I keep coming back to the NIV translation of the Bible. The (now discontinued) TNIV and the 2011 NIV (which supersedes the TNIV) are constant companions in my Bible reading and sermon preparation.

Bruce Waltke anticipates that the NIV will be “ever more precise and always in the language of the people” as it continues to evolve. 50 years ago the Committee on Bible Translation (CBT) convened.

 

CBT (image via Zondervan)

CBT (image via Zondervan)

 

The first three speakers in the following video–Doug Moo, Karen Jobes, and Mark Strauss–are all ones whose works I’ve consulted (literally) in the last two days!

 

 

There is an utterly fascinating history of how the translation has changed over the years.

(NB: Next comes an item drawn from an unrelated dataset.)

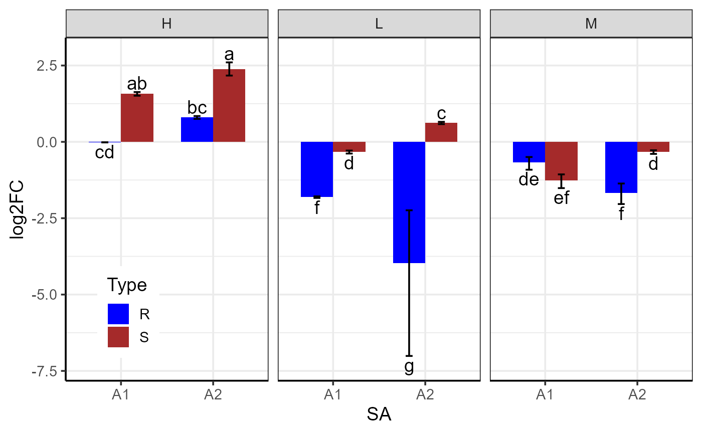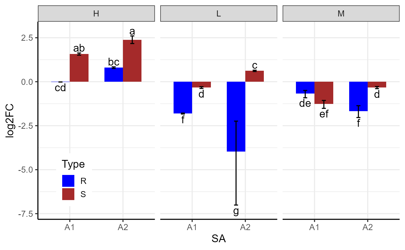 plotFactor.RdCreates a bar plot of relative gene expression (fold change) values from 1-, 2-, or 3-factor experiments, including error bars and statistical significance annotations.

I am particularly interested in the discussion about how gender works in translation. I’m with Bruce Waltke on this one:

If you use “man” and part of your constituency is hearing it as male, and it wasn’t intended to be male, that’s bad translation.

So get this:

For the coming [1990s] edition, the CBT decided that where the Greek or Hebrew clearly referred to all people—male and female—the translation would have to find accurate contemporary English language to make this clear.

But before the CBT could release the update, a Christian magazine learned what the CBT was planning and published an article condemning the shift in language, initiating a firestorm of controversy.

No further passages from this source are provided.